Posted by Marlen Eve, USDA Climate Change Program Office in Conservation Forestry
Jul 31, 2014
A new report issued today by USDA should help farmers and ranchers make informed decisions resulting in better soil and ultimately reduce greenhouse emissions.
A new report issued today by USDA should help farmers and ranchers make informed decisions resulting in better soil and ultimately reduce greenhouse emissions.

For the past 3 years, I have worked with a team of experts and scores of reviewers on a report published today, Quantifying Greenhouse Gas Fluxes in Agriculture and Forestry: Methods for Entity-Scale Inventory.

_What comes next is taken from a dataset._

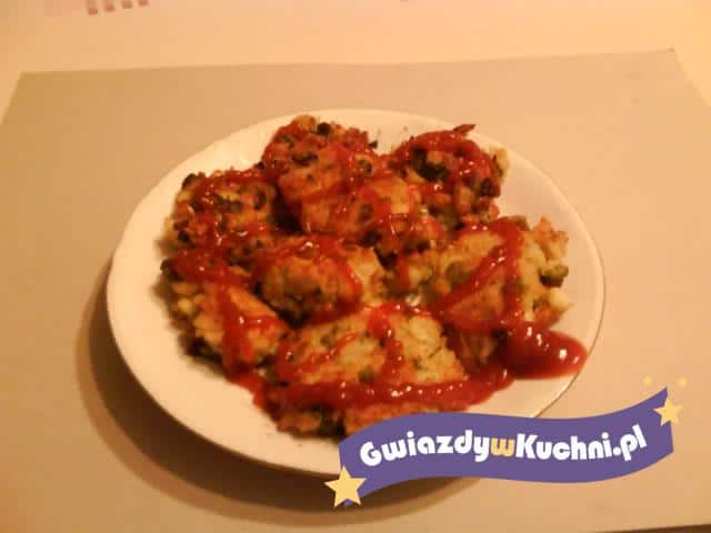 Ryż ugotować na półsypko. Cebulę obrać, posiekać i podsmażyć na oleju. Groszek odsączyć z zalewy. Do ugotowanego ryżu dodać jajko, podsmażona cebulę, groszek, natkę pietruszki, słodką paprykę w proszku, żółty ser, doprawić do smaku pieprzem i solą, dokładnie wymieszać. Z masy formować kotlety, obtaczać w bułce tartej i smażyć na złoty kolor. Po wyjęciu na talerz polać keczupem.

If you are a landowner, scientist, or conservationist looking for new tools to estimate carbon storage and greenhouse gas (GHG) fluxes, you will want to take a look at this report.  It provides the scientific basis and methodology to assess the GHG benefits of conservation practices and farm, ranch and forest management. This information will help producers gauge progress in building healthy, carbon-rich soils and, ultimately, more resilient production of food, fiber and fuel.

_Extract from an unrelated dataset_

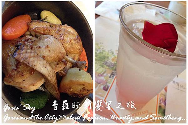 格拉斯淋香炙春雞除了大概快有半隻雞外,旁邊同樣有類似相關燉菜的料理,包括紅蘿蔔、大黃瓜、馬鈴薯、洋蔥等 ...,這是L'OCCITANE歐舒丹 CAFE厲害的燉煮概念,也因為一起燉煮,雞肉的部份也融入蔬果的清香,紅蘿蔔的原始味道也都被破壞了,如果你怕吃紅蘿蔔,這個真的很能嘗試,一嗯位完全就是一種清甜香,這也是為什麼我想再來吃L'OCCITANE歐舒丹 CAFE普羅旺斯燉菜的原因,因為可以吃到很多不同的蔬菜,卻是一種全新的調味,剛好在這格拉斯淋香炙春雞中,也能吃到。

America’s farm, ranch and forest managers are stewards of the land, and have long recognized the significance of managing soil health, plant productivity and animal nutrition. Conservation practices and other management changes can reduce GHG emissions and increase carbon storage while improving soil health, crop or livestock productivity, and resilience to drought and other extreme weather. State and regional GHG offset programs and voluntary GHG markets can help make these practices less costly to implement and may even increase the producer’s bottom line. The challenge is that landowners need tools to quantify GHGs in order to participate in these new market opportunities.

Current USDA carbon tools, such as NRCS’ COMET-Farm, are being updated to incorporate the new methods.  Using COMET-Farm, a land manager who is considering a shift to no-till production system can evaluate the soil carbon benefits of that system and consider revenue opportunities provided by entering into a voluntary agreement with a carbon market.  The methods address practices across crop and grazing land production systems, as well as forest management and livestock production.

USDA recently established regional climate change hubs to assist landowners with management challenges that arise from weather variability and climate change.  The methods report and the tools that follow will aid the hubs in providing landowners with real and verifiable estimates of the benefits of various management options. Forest Service and NRCS technicians will be able to use the tools as they work with land managers.

The methods report provides the scientific vetting and transparency that will help to standardize USDA carbon tools, making them more useful for land managers, GHG registries, State and Federal agencies, and other USDA stakeholders.